_What the task requires_: Please transcribe the data below in full. Omit any picture you find in it.

_Supplied data_:
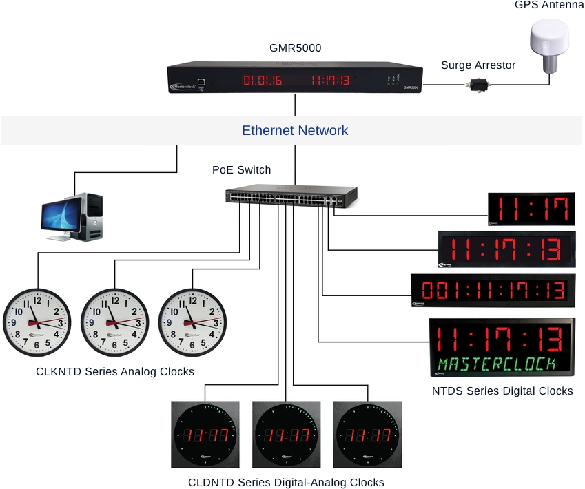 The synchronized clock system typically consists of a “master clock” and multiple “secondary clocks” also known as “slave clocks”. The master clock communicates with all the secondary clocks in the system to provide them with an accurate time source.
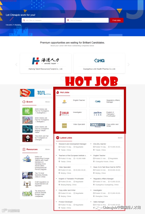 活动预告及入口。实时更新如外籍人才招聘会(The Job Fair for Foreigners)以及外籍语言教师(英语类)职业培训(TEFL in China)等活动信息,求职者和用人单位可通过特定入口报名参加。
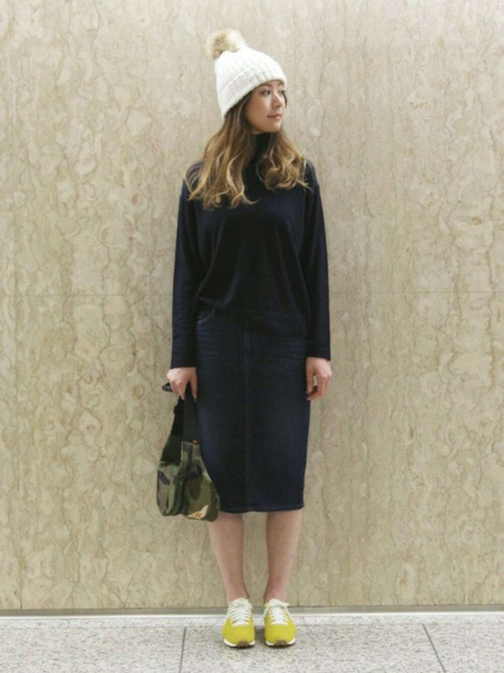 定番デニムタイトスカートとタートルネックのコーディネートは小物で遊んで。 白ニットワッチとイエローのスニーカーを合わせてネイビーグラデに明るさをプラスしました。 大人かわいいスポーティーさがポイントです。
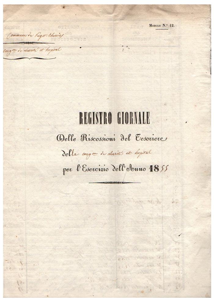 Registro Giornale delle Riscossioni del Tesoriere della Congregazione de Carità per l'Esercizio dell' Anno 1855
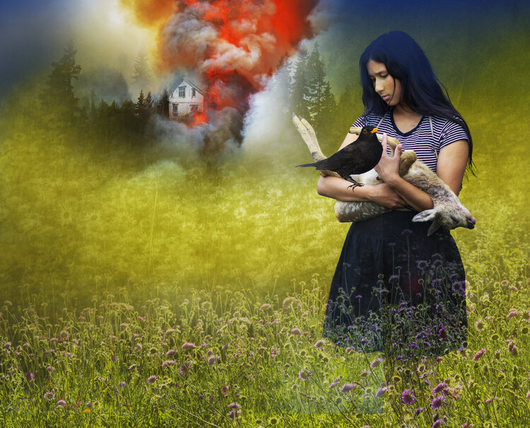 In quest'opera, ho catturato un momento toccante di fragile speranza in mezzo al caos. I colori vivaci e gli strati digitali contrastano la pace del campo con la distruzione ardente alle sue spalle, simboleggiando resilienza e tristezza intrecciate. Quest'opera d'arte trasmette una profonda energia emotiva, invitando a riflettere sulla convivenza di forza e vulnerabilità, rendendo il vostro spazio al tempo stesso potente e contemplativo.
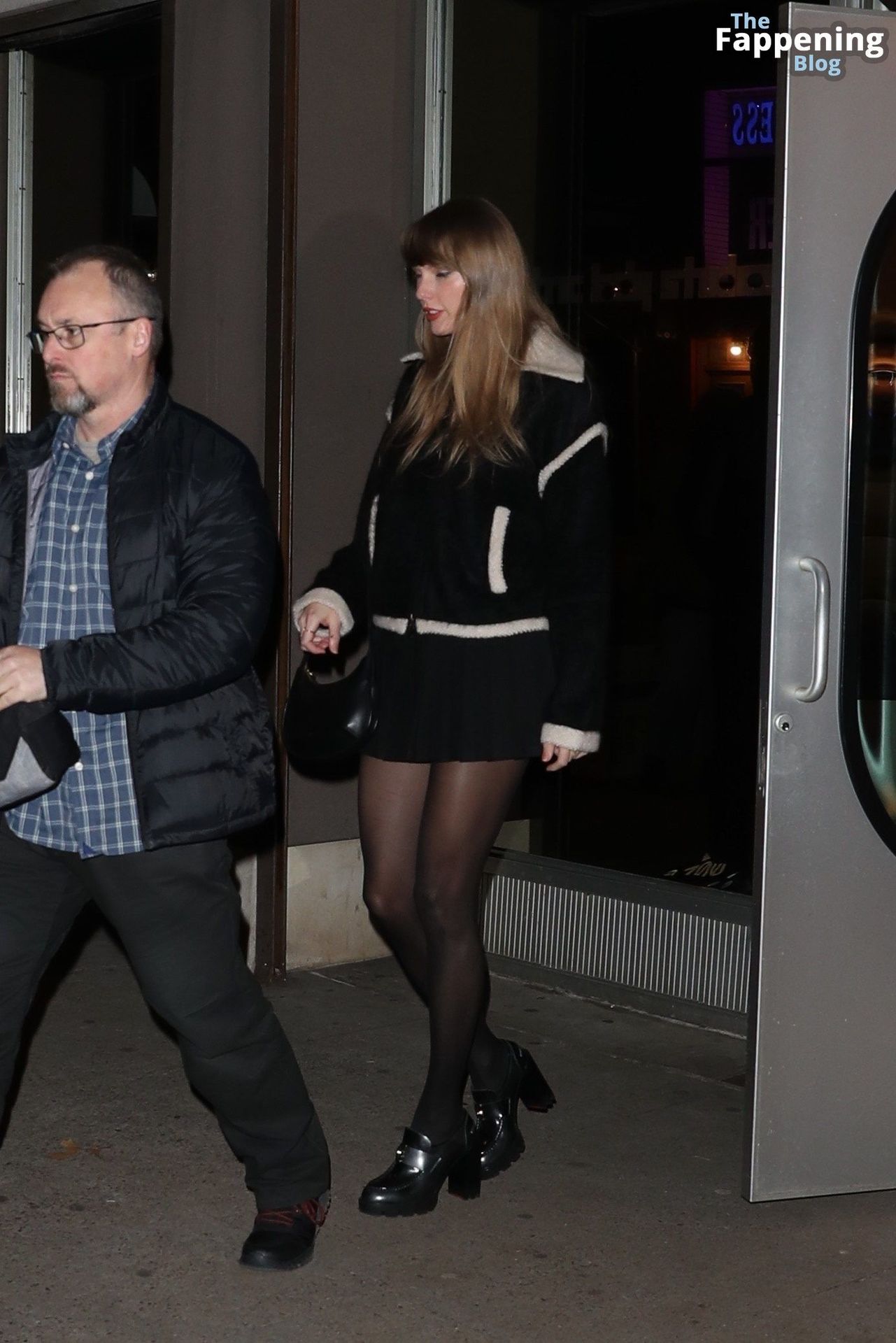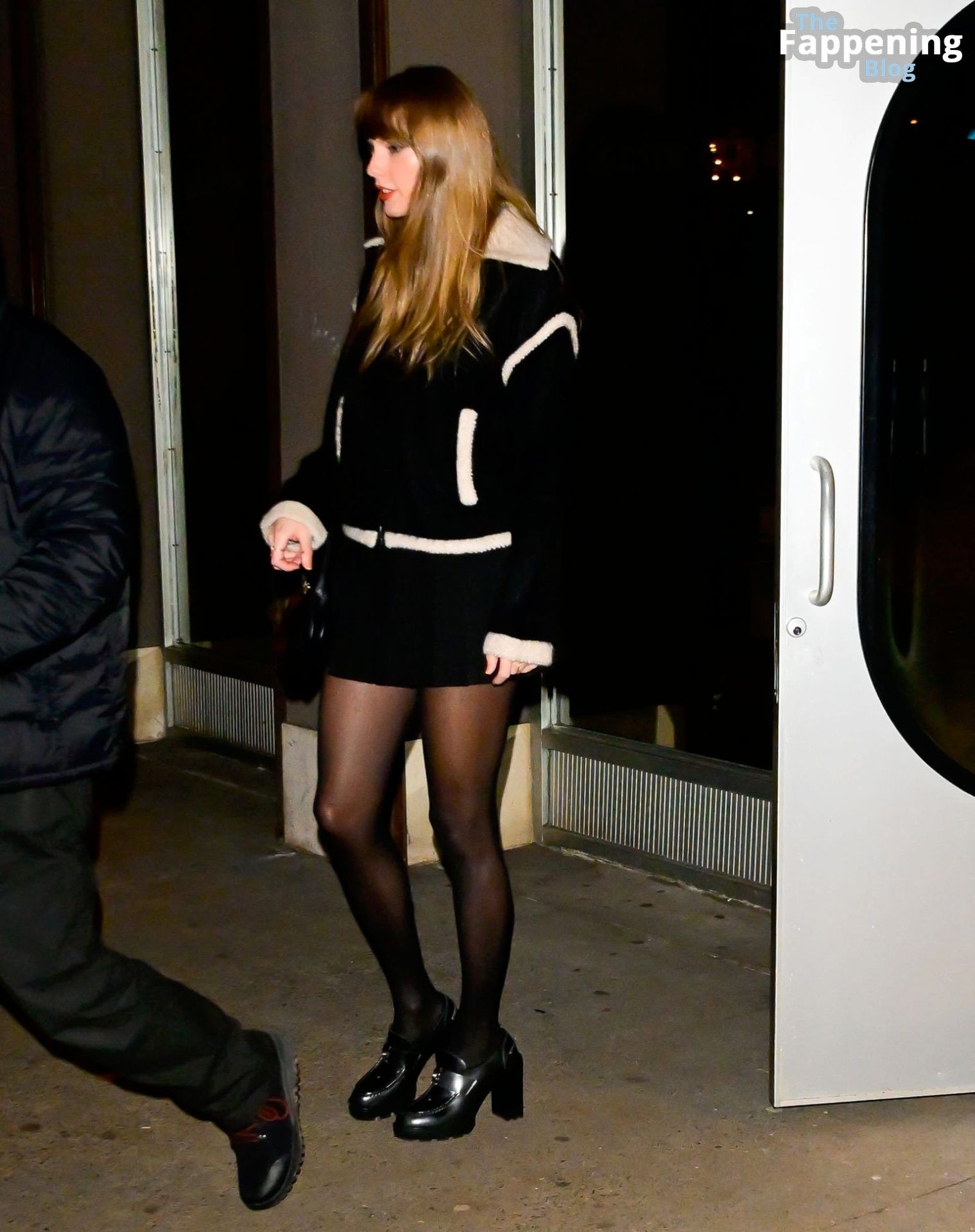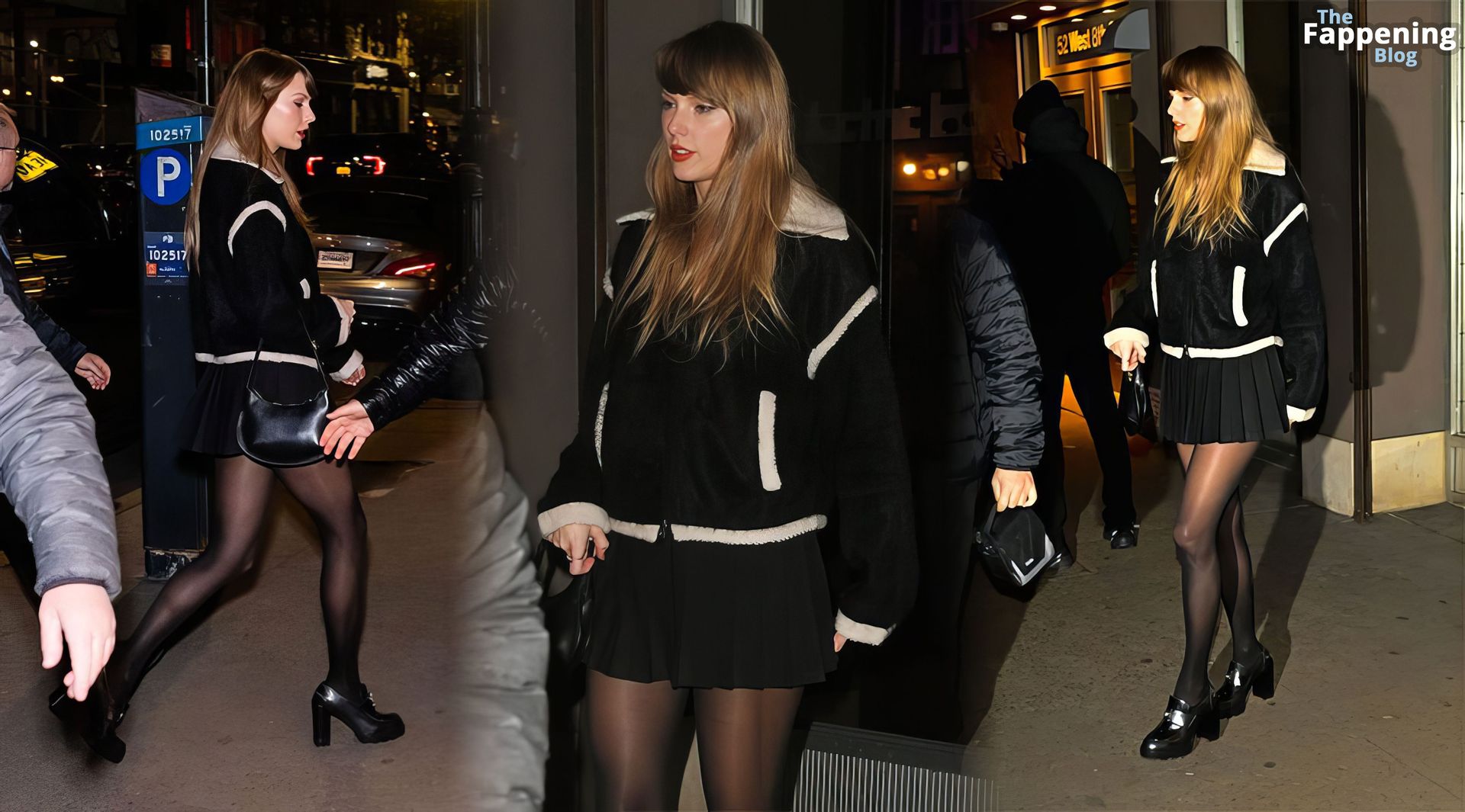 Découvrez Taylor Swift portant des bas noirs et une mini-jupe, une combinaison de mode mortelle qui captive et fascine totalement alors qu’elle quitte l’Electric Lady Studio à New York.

_Answer space_:
 The synchronized clock system typically consists of a “master clock” and multiple “secondary clocks” also known as “slave clocks”. The master clock communicates with all the secondary clocks in the system to provide them with an accurate time source.
 活动预告及入口。实时更新如外籍人才招聘会(The Job Fair for Foreigners)以及外籍语言教师(英语类)职业培训(TEFL in China)等活动信息,求职者和用人单位可通过特定入口报名参加。
 定番デニムタイトスカートとタートルネックのコーディネートは小物で遊んで。 白ニットワッチとイエローのスニーカーを合わせてネイビーグラデに明るさをプラスしました。 大人かわいいスポーティーさがポイントです。
 Registro Giornale delle Riscossioni del Tesoriere della Congregazione de Carità per l'Esercizio dell' Anno 1855
 In quest'opera, ho catturato un momento toccante di fragile speranza in mezzo al caos. I colori vivaci e gli strati digitali contrastano la pace del campo con la distruzione ardente alle sue spalle, simboleggiando resilienza e tristezza intrecciate. Quest'opera d'arte trasmette una profonda energia emotiva, invitando a riflettere sulla convivenza di forza e vulnerabilità, rendendo il vostro spazio al tempo stesso potente e contemplativo.
 Découvrez Taylor Swift portant des bas noirs et une mini-jupe, une combinaison de mode mortelle qui captive et fascine totalement alors qu’elle quitte l’Electric Lady Studio à New York.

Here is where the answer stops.